Brief: Shown below are entries with pictures; the line with "Rain come wet me, Sun come dry me. Keep" through the line with "Louis Vuitton Denim" is the span to retype exactly, and the pictures stay out.

(Information given)

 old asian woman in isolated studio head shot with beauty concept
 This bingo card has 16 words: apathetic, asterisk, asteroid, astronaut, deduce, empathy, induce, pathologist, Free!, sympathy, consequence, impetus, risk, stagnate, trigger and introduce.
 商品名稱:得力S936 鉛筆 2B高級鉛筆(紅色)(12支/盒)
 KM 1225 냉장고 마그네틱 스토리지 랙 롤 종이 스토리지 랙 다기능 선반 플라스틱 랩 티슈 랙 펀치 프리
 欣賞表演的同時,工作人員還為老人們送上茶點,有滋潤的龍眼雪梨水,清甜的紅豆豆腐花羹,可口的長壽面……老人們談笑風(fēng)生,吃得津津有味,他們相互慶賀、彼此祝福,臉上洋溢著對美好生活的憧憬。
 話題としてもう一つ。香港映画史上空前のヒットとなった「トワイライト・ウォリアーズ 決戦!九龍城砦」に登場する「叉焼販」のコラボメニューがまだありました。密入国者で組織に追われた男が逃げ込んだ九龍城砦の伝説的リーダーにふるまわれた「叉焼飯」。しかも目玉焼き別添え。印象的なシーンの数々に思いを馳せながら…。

(End Information given)
(Information given)

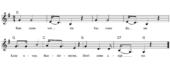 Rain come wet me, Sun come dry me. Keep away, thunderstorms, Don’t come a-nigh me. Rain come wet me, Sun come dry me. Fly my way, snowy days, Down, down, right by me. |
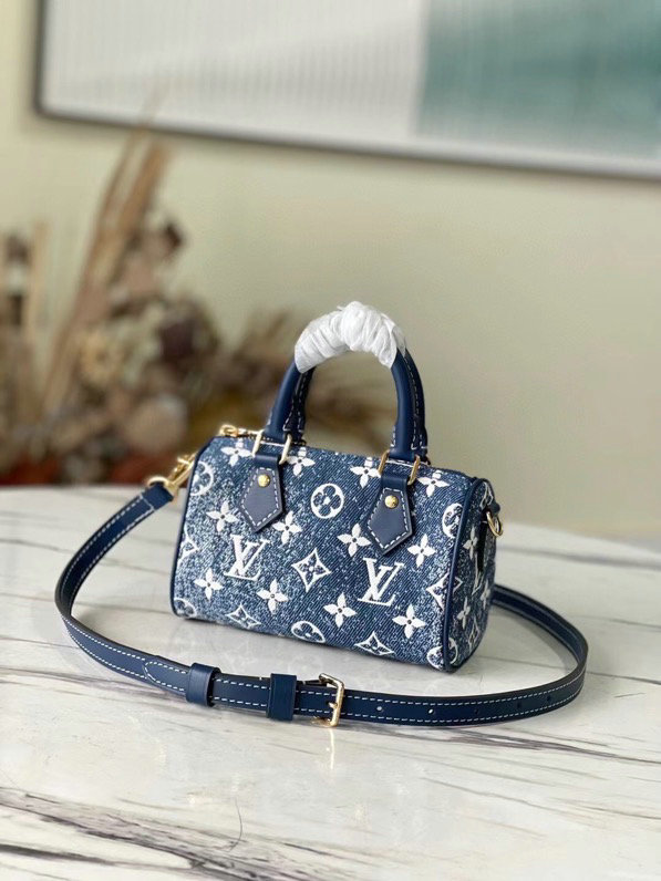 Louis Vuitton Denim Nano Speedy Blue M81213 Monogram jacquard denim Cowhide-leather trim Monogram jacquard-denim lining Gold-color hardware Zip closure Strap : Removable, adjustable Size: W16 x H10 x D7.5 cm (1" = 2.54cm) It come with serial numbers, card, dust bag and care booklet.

(End Information given)

Answer section:
 Rain come wet me, Sun come dry me. Keep away, thunderstorms, Don’t come a-nigh me. Rain come wet me, Sun come dry me. Fly my way, snowy days, Down, down, right by me. |
 Louis Vuitton Denim Nano Speedy Blue M81213 Monogram jacquard denim Cowhide-leather trim Monogram jacquard-denim lining Gold-color hardware Zip closure Strap : Removable, adjustable Size: W16 x H10 x D7.5 cm (1" = 2.54cm) It come with serial numbers, card, dust bag and care booklet.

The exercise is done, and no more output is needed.